Despite Biden’s conciliatory moves, Houthi aggression escalated sharply. According to a report from the Center for Strategic and International Studies (CSIS), “The number of Houthi attacks against predominantly civilian targets in Saudi Arabia doubled over the first nine months of 2021 compared with the same period in 2020.”63 Additionally, after a brief pause, the Houthis renewed their campaign to take Yemen’s oil-rich province of Marib.64 Pressuring Riyadh did not deliver the results the White House expected.

In February 2021, Biden appointed experienced diplomat Timothy Lenderking as his special envoy to deliver the peace deal for Yemen that the White House envisioned. By May 2021, however, Lenderking acknowledged that American concessions had not produced a Houthi interest in peace. He explained:

We were disappointed, frankly, that on the last trip to Oman, the Houthis declined to meet with the UN special envoy. And it wasn’t just that particular meeting that was problematic.
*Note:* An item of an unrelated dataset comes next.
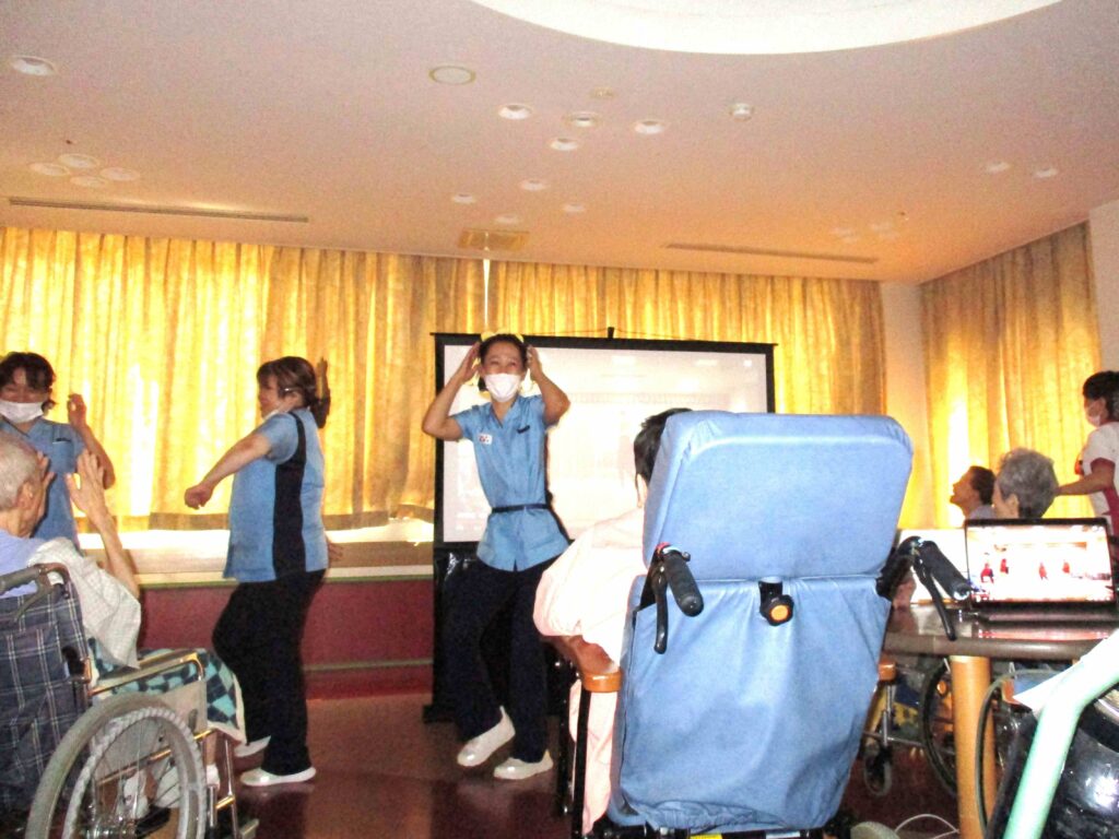 スタッフと患者さま全員で馴染みのある音楽で体操を行いました。

It’s a trend, where the Houthis, while showing constructive engagement on a number of occasions with different stakeholders, have then backtracked or, as we say in sports terminology, moved the goal posts [from] what has been agreed to. And there won’t be a peace deal without strong Houthi support. And we have gone out of our way as the United States, first by un-designating the organization, second by putting some constraints on support for the offensive capability of the Saudi-led coalition. Strong signals that the United States wants to do things in Yemen in a different way. But there have to be willing partners on all sides to engage.65

Nevertheless, Washington’s strategy for Yemen continued to entail pressuring Riyadh and enticing Sanaa. By January 2022, following a deadly Houthi drone and missile attack on the United Arab Emirates, the Biden administration acknowledged that it was considering the redesignation of the Houthis as an FTO. Yemen expert Gregory Johnsen assessed, “After more than a year of renewed diplomatic efforts, pressure on Saudi Arabia, and a carrot to the Houthis, the US is no closer to ending the war in Yemen than it was the day President Biden took office.”66

Meanwhile, the Saudis faced barrages of Houthi missiles and drones directed at targets inside the kingdom while they provided air cover to fend off the Houthi attacks on the IRG stronghold in Marib. Still, Riyadh continued to try to negotiate its exit from the conflict. In April 2022, the Houthis and Saudis reached a temporary ceasefire, but after six months, the agreement expired and the Houthis refused to renew it.67 However, the fighting did not return to its pre-ceasefire intensity, and negotiations for a long-term agreement continued. The kingdom made numerous goodwill gestures, including allowing a Houthi delegation to visit Riyadh and sending a Saudi delegation to Sanaa, but the process bore little if any fruit as the Houthis stalled and escalated their demands.68

Shortly after the Saudi-Houthi ceasefire took effect in April 2022, Hadi resigned as IRG president and was replaced by an eight-person body known as the Presidential Leadership Council (PLC). The PLC was established by the IRG’s Saudi and Emirati backers to serve as the senior decision-making body for the IRG,69 and it incorporates senior representatives from a variety of organizations, including the STC, Islah, and the National Resistance Council (NRC), which constitute Yemen’s anti-Houthi coalition. Rashad al-Alimi, who has close ties with Riyadh and served as an adviser to Hadi, was appointed to the role of president of Yemen, and in that capacity, he also serves as chairman of the PLC.70 The ostensible intention behind the PLC’s creation was to integrate Yemen’s anti-Houthi factions into one cohesive representative body in preparation for an expected Saudi-Houthi deal, but it has largely failed to bridge the divides or improve the coordination of anti-Houthi forces.71

After the ceasefire’s expiration in October 2022, the Houthis sought to increase their leverage over the IRG. They began a precise military campaign of drone attacks on tankers and oil terminals to halt Yemen’s energy exports and starve the IRG of revenues, making it almost entirely dependent on external financial support to survive.72 The Houthi blockade of Yemen’s energy sector went largely unnoticed by international news media, but it continues until today, and the Houthis claim that they will not lift the blockade until the IRG reaches a profit-sharing agreement with them.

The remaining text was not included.